Nature is one of our greatest teachers: in creation, destruction, renewal, and balance.
Humanity has found ways to disrupt nature and impose ourselves on the landscapes that shape our experience of life. Through humans trying to understand our relationship with nature, we have created harm and destruction to the land directly and also to how we experience it. Out of these interactions, nature in America has become deeply tied to national identity and an individual sense of belonging; “other” is alienated. . Spaces that should be healing, a reminder that we are part of something greater, are unsettling and even dangerous to many who are “other” in American society.
As an artist of mixed race heritage I have found the deep struggle between pieces of my identity are mirrored in my relationship with the environment. I look for solace in the healing spaces of nature when I cannot be otherwise at peace with myself. Growing up in an area of Michigan that is overwhelmingly white in both its social and natural landscape my family stood out.

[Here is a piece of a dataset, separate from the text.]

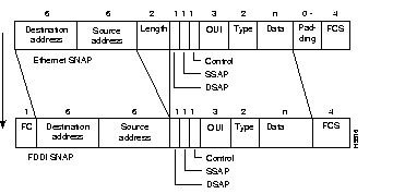 An Ethernet SNAP frame is translated into an FDDI SNAP frame as shown in Figure C-6. When an Ethernet SNAP frame is received, the FC field is added, and the Length field is stripped. Any padding in the Ethernet Data field is dropped.

The enjoyment of moving through the rivers in waders was often interrupted with the realizations that the owners of the land around me were primarily white people who owned guns. Along with this bodily understanding of danger moving through the natural environments of my childhood there was an emotion I could never understand, as if nothing I could learn from nature would stay. If you cannot see yourself belonging in the space you are physically situated, how can you know where you are?
My cultural landscape is full of bright colors and smells from paper, ceramic, fabric and spices, and I find that they are disruptive to many as I move through the world. David Batchelor writes in “Chromophobia”: “The other is over there: geographically/physiographically distinct. But the other that is color is everywhere: around and in and of us, a part of everything we see every day in our every waking moment.” The art I create imagines landscapes of other worlds, other futures, by reclaiming it through materials, colors, and smells of my own culture. I begin an understanding of what natural growth looks like when combined with the variability of color. This beauty, wonder and exploration that comes from it is not only my reclamation of my own presence and experiences in natural space, but the creating and imagining of how nature will expand and vibrate with accessibility to all.